Expert: Close adherence to the ESG can be an indicator of a less risky investment. Companies with a strong commitment to diversity and equity even at the highest corporate level can reduce the risk of accidents or lawsuits that could negatively impact them and the wallets of developers. invest. “Investing in ESG is consistent with a long-term investment horizon,” says Townsend. “ESG can better position portfolios for the future [and] helps identify risks that may not be reflected in the next three months or years. “

How to make ESG investment

ESG investing can be a simple strategy that involves you (or your financial advisor) taking a closer look at your investments using an ESG-friendly lens to weed out investments that don’t generate returns. positive impact in these areas.

Here’s how you can get started:

1. Decide how you will build your portfolio:

You may choose to research and evaluate stocks or funds on your own, or you may decide to work with a financial advisor or robo advisor is the better way. An expert can point you in the direction of specific properties that meet ESG standards and align with your overall investment goals. Some robot advisors like Wealthfront and Betterment offer similar services, often at a lower cost.

2. Identify the criteria that are most important to you

Determine which causes are most important to you. Maybe you are looking to invest in a company that is working hard to reduce their carbon footprint, or you want to support a company that prides itself on gender diversity. Knowing what’s important to you can help you narrow down your list of investment options.

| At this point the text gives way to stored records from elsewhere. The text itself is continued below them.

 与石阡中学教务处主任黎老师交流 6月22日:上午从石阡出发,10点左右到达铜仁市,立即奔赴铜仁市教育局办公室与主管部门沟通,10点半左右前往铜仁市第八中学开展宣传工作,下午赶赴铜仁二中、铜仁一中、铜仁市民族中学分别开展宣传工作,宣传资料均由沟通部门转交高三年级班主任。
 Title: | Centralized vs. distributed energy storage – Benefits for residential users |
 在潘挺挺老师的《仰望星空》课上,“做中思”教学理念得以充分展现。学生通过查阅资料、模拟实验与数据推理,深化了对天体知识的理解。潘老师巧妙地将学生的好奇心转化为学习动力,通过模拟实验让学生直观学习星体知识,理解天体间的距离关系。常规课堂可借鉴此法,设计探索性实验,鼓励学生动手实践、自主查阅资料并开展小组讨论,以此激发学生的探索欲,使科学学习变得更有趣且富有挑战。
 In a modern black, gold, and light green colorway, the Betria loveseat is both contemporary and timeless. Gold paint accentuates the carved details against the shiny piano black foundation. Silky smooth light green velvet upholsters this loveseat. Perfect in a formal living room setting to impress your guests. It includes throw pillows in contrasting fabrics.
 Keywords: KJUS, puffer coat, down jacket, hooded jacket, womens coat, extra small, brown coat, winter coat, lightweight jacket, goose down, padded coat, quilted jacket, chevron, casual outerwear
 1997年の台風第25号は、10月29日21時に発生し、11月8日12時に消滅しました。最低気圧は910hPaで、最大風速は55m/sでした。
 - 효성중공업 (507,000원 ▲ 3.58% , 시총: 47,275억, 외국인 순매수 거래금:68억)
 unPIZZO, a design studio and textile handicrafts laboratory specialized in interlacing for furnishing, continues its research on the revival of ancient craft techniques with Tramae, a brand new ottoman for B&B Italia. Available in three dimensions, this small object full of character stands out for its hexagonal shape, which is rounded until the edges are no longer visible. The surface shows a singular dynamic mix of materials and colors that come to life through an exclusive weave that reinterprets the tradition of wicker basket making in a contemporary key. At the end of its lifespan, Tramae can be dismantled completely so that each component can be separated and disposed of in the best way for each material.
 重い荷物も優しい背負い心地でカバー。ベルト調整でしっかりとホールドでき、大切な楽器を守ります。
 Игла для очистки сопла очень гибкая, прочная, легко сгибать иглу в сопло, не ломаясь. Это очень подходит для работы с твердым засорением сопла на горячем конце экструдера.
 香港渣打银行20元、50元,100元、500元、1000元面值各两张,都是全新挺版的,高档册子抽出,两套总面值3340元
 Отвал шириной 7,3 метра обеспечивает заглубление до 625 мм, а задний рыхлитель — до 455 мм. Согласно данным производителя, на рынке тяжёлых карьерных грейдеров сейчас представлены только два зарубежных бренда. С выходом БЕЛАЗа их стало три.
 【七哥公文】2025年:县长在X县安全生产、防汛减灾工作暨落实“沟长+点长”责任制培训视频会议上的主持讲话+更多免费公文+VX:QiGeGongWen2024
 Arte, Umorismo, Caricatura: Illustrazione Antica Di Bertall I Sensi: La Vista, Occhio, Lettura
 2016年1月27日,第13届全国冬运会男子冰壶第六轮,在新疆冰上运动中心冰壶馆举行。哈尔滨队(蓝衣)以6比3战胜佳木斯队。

3. Deal with investments that fit your goals

Once you’ve identified factors that better align with your goals and values, you can open a brokerage account and decide how much you want to invest and in what specific assets. Many online brokerage accounts allow you to filter your investment options by sector, sustainability, and financial performance on these investments.

For investors looking to make a positive impact, ESG investing can be an additional filter when building their portfolio. “ESG is a process, not a panacea,” says Townsend. “Other attractive investments can fit into any strategy that incorporates ESG characteristics.”